Санька молча смотрел на Шипицына: каким был, таким и остался. Он пожалел, что сорвался на крик, такого не перекричишь, каши мало ел. Действительно, чего навязываться. Но уходить выпертым в шею не хотелось.

– Можно, я от вас Геннадию Васильевичу Лaxoнину позвоню, – показав глазами на телефон, спросил Храмцов, – машину вызвать?

– Зачем звонить, я даю свою, – уже мягче сказал Шипицын. – У меня свободна.

– Не надо. Как-нибудь без вашей машины обойдусь, – буркнул Санька, снимая телефонную трубку.

«Ну что, убавилось бы у председателя, если б он подал руку?» – ожидая машину, думал Санька. В детстве случалось и похуже, и ремнем его драли, и словами разными ругали, но то время шло по иной мерке, и его он не брал в счет, тем обидам и цена-то детская. Он-то понимал, председатель обидел не его – всех летчиков обидел. А за что, спрашивается?

Летая по колхозам, Санька не задумывался, нужна ли его работа. Раз вызывают – значит, нужна. Отлетал в месяц положенную норму, а там хоть трава не расти. Потом в бухгалтерии переведут часы в рубли – вот и вся арифметика. Часто он даже не видел результатов своей работы. Летаешь, льешь на поля химикаты, специалисты говорят, помогает, ну и слава богу. Он подозревал, что и колхозников не очень-то волнует, попала на поля химия или нет. Для себя он уяснил главное: работать без происшествий, а на все остальное можно было найти тысячу объяснений, например, почему сорняки как стояли, так и остались стоять. Летчики хорошо знали все эти тонкости и, не утруждая себя, обрабатывали края, затем – пара полетов наперекрест, как говорили, «запечатывали конверт», и принимались за другое поле. Неделю в одном колхозе, неделю в другом. За сезон наберется десяток колхозов, работа, как у пчел, с цветка на цветок – и никаких претензий, да и какие они могут быть к летчикам? И вот впервые отказались от самолета.

Пытаясь отвлечься от неприятных мыслей, Санька стал рассматривать Старую Елань. Взгляд то и дело натыкался на постройки, которые появились в его отсутствие. Вдоль реки шел ряд новых, сложенных из бруса, домов. На месте старого магазина стоял новый – бетонный. Смотрел он на площадь широкими стеклянными глазами.
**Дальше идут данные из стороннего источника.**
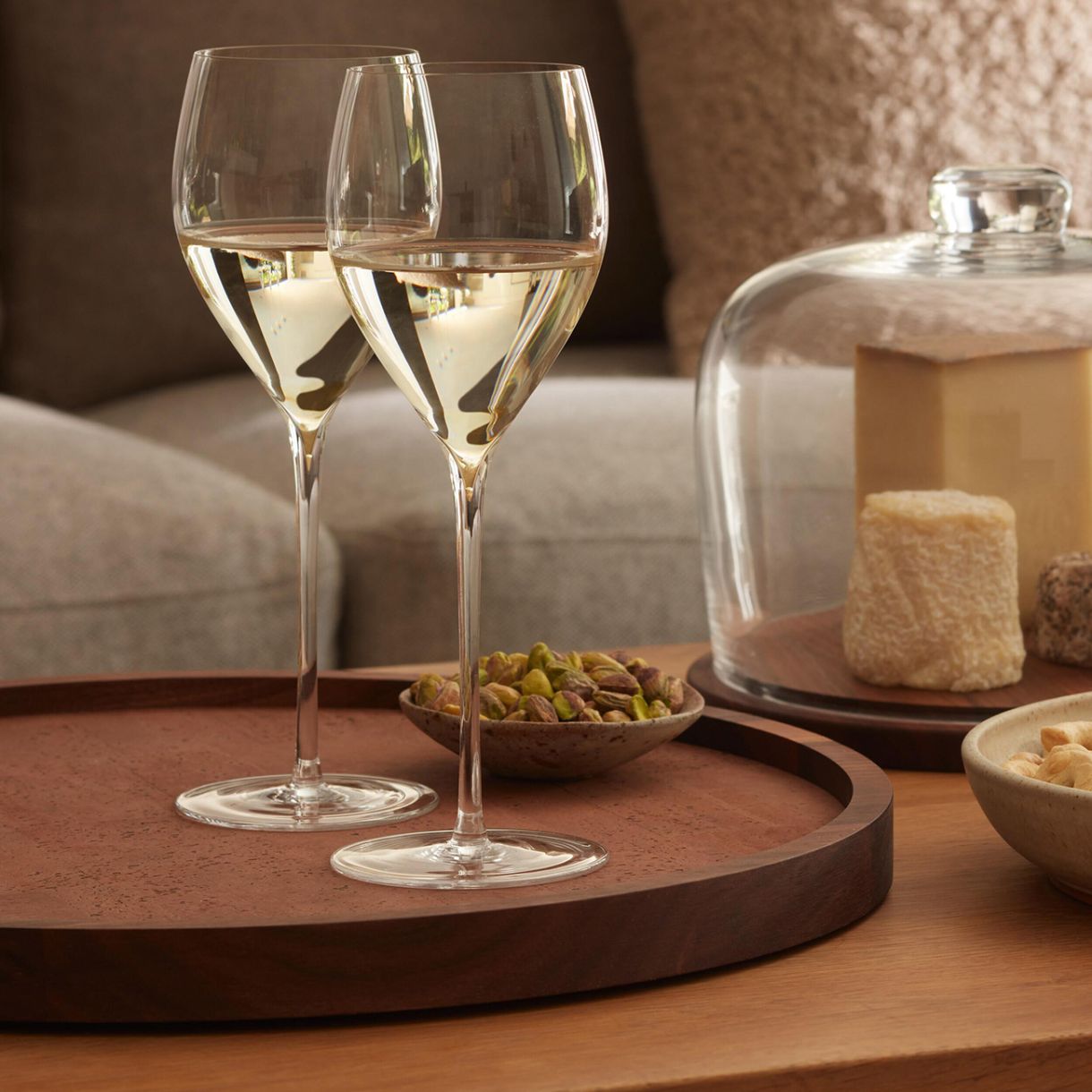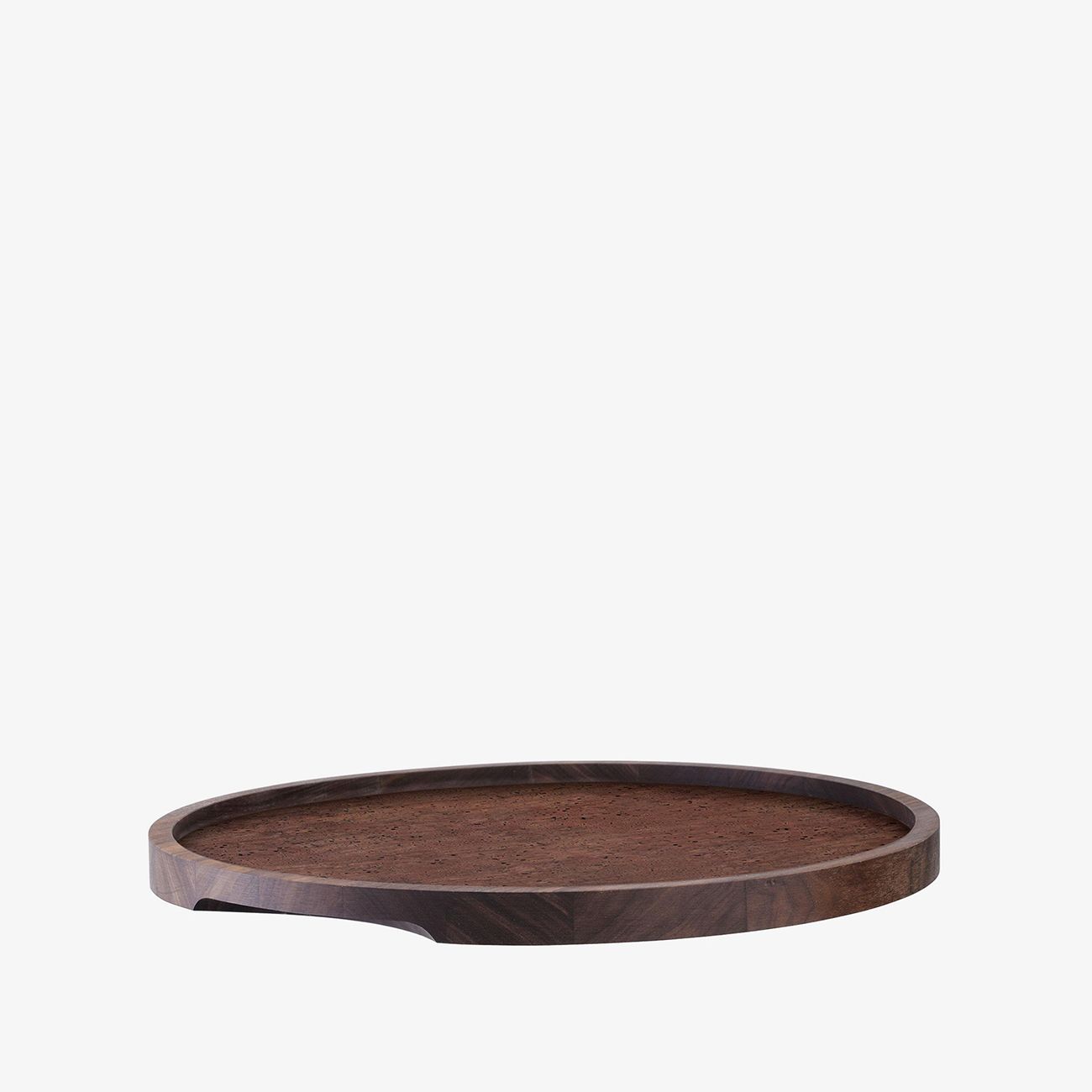 Голям, кръгъл поднос, изработен от орех от устойчив произход. Инкрустиран с тъмен корк и завършен с вдлъбнати дръжки.

Напротив все так же стояла белая церквушка, вокруг которой, как на оси, сидело все село.

Подлетая к Старой Елани, Санька, прежде всего, разыскал именно ее. Дед говорил, что раньше Старая Елань была центром всей волости. Но когда в конце прошлого века чуть стороной проложили Транссибирскую магистраль, село остановилось в росте, дорога, как насос, выкачала народ.

«Хорошо, что Адам Устинович не перенес правление на станцию, а то бы конец Старой Елани», – хвалил он Шипицына.

Раньше Старой Елани не везло на председателей, сменялись они каждый год, как тренеры футбольной команды, а дела шли все хуже и хуже. Еще немного – и поразбежались бы староеланцы по другим колхозам. Дошло до того, что должность председателя стала наказанием, никто не соглашался на нее. Шипицын согласился. Он и тут не изменил себе, взял круто, как привык на фронте. Рассказывали: в первый же день, когда его избрали председателем колхоза, предложил Шипицын привести в порядок поселок: проложить тротуары, починить заборы, покрасить ставни. И поставил условие: не выпускать без присмотра скотину со двора.

– Смотрите, кто нарушит, приму самые строгие меры, увижу – пристрелю на месте, – пообещал он.

Колхозники посмеялись: чудит председатель, но предложение поддержали. Через неделю смотрит председатель: неподалеку от клуба возле памятника погибшим односельчанам свиньи пасутся, чешутся боками о штакетник. Шипицын не поленился, сбегал домой за ружьем и всадил заряд дроби в поросенка.

– Уголовника выбрали, – орала хозяйка поросенка. – Так, глядишь, и по нам стрелять начнет. Жаловаться надо!

Но с той поры все поняли: Шипицын слов на ветер не бросает. Ругали его по-за глаза, костерили, называли самодуром, но на очередном собрании избирали вновь.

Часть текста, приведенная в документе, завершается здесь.